HMRC's main argument was that the FTT had not taken into consideration that under the dealer agreement, Mertrux Limited had a right to continue as a Mercedes car dealer for 24 months under the deed of variation and termination and therefore that that was an asset separate from the taxpayer's goodwill. HMRC cited the case of O'Brien (HMIT) v Benson's Hosiery (Holdings) Ltd [1980] AC 562; 53 TC 241.

The UTT considered the relevant legislation in Section 152 TCGA 1992 (which referred to consideration that a person obtained for a disposal) and Section 22 TCGA 1992 (which dealt with the treatment of certain capital sums derived from assets). Both those provisions showed that the standpoint of the taxpayer was important in determining what the TRP was consideration for. This could be inferred from the contractual documents and surrounding circumstances. The natural inference was that the taxpayer received the additional TRP in return for agreeing to early termination of the dealer agreement, as varied by the deed of variation and termination.

Whilst the TRP was specifically paid under the transfer agreement, the actual amount was calculated in accordance with the provisions of the deed of variation and termination. The new dealer was not even a party to this. Furthermore, the amount of the TRP was fixed when Mertrux Limited notified DCUK of its chosen cessation date, and this was before a new dealer had even been identified.

The UTT concluded that the FTT had been wrong to conclude that the new dealer paid the purchase consideration under the transfer agreement for the business and nothing else and that that did not determine what the TRP was obtained or received for by the taxpayer.

The FTT's finding that the amount paid in excess of the value of the tangible assets must have been for goodwill suggested that the FTT had failed to appreciate that the taxpayer had rights under the dealer agreement and deed of variation and termination which could give rise to a disposal even if no asset was acquired by the new dealer in return for its payment (or by DCUK).

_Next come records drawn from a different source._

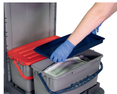
Capacité de 10 serpillières en 40 cm par boîte.
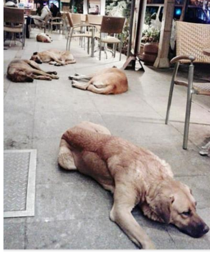
Görsel 7.6. Eskişehir’de ısınmak için kafeleri kullanan sokak köpekleri. https://www.sabah.com.tr/yasam/eskisehirden-insanlik-fotografi-3378787 (Erişim tarihi 01.11.2023).

Sokak köpekleri aynı zamanda kent içerisinde bulunan kafe, dükkân gibi ticari işletmeleri de sıklıkla kullanmaktadır.
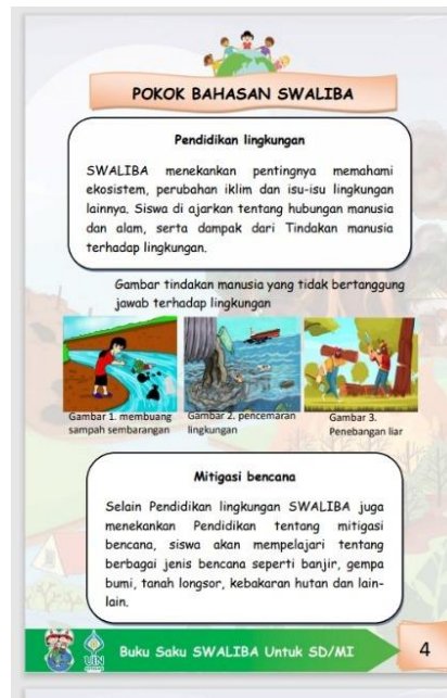
Gambar 4.2 Materi Sudah Jelas dan Background Sudah Diperbaiki
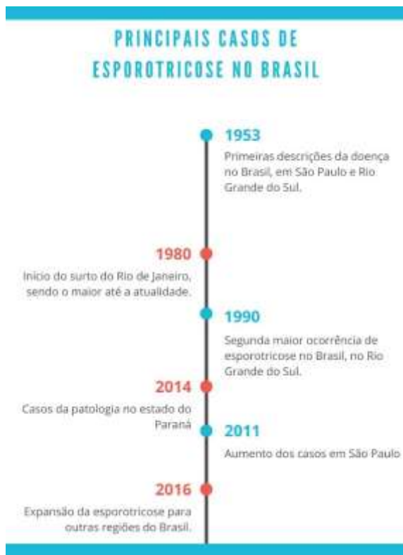
Figura 2 - Fluxograma com os principais eventos ocorridos no Brasil, usando os dados de Sales, 2021.

No início do século XX, a esporotricose predominava em dois países: EUA e França. O primeiro surto da doença ocorreu na África do Sul, entre 1941 e 1944, com 3000 mineradores infectados. Posteriormente, houve outro surto em Mississippi (EUA). Conforme o fluxograma apresentado na figura 2, os surtos no Brasil iniciaram em São Paulo, decorrente da contaminação através do solo no ano de 1953, havendo 235 casos humanos confirmados e no Rio Grande do Sul, com 646 casos. Sendo a espécie S. brasiliensis o responsável por causar 90% dos casos no Brasil (Sales, 2021).

Therefore in disregarding the provisions of the deed of variation and termination and finding that the whole payment was consideration for goodwill, the FTT had erred in law.

It was the UTT's decision that the only possible finding was that the additional TRP obtained by the taxpayer was consideration for the taxpayer agreeing to the early termination of the dealer agreement. That was a disposal of an asset and the asset was a contractual right and not goodwill.